======== Extracted records
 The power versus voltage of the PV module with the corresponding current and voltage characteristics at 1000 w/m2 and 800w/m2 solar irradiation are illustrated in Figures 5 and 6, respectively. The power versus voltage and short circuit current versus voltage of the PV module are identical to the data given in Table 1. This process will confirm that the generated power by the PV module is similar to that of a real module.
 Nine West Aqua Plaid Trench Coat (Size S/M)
================
======== Extracted records
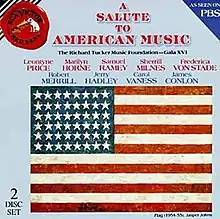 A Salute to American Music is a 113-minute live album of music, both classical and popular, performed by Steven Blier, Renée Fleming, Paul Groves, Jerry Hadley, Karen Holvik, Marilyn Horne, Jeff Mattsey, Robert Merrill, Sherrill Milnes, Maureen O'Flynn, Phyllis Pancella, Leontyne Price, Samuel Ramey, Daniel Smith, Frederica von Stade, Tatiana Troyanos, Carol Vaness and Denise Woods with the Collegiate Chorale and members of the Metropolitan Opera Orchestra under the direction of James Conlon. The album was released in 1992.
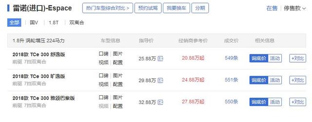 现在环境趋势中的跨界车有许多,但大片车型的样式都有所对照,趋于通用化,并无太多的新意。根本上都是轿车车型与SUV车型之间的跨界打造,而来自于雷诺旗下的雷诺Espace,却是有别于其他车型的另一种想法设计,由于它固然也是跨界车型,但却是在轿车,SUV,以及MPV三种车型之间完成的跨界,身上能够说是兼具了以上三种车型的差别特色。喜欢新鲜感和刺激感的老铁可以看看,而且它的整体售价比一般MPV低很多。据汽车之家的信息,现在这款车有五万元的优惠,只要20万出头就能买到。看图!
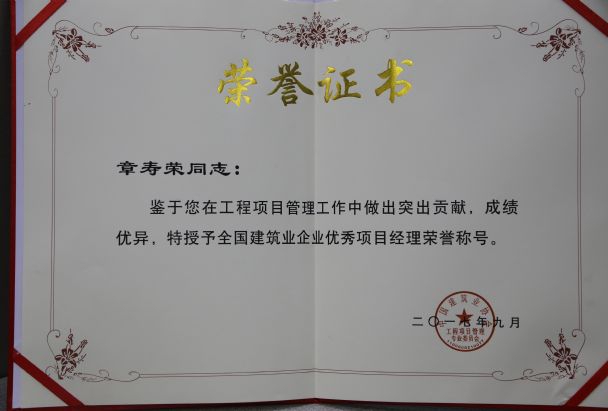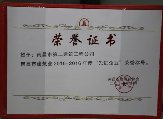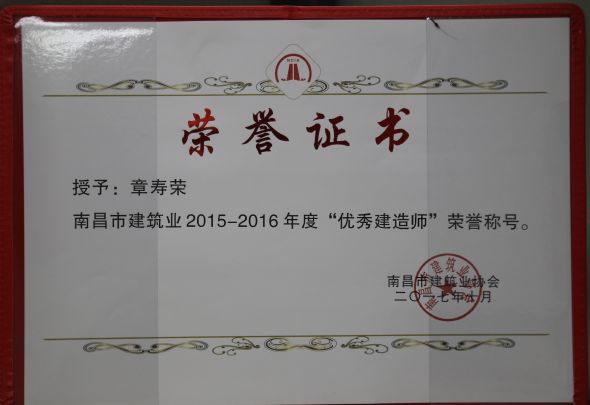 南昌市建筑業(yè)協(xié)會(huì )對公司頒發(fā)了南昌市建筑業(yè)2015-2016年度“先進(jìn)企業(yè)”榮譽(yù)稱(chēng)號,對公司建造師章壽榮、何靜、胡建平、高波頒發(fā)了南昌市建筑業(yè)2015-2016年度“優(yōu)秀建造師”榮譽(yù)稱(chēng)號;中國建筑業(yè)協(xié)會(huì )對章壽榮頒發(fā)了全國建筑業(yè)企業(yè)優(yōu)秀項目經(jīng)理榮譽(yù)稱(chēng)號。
================
In the listing above, find the line with "The power versus voltage of" and the line with "Nine West Aqua Plaid Trench Coat (Size S/M)", then reproduce both and every line between them exactly.

_Solution to this exercise:_
 The power versus voltage of the PV module with the corresponding current and voltage characteristics at 1000 w/m2 and 800w/m2 solar irradiation are illustrated in Figures 5 and 6, respectively. The power versus voltage and short circuit current versus voltage of the PV module are identical to the data given in Table 1. This process will confirm that the generated power by the PV module is similar to that of a real module.
 Nine West Aqua Plaid Trench Coat (Size S/M)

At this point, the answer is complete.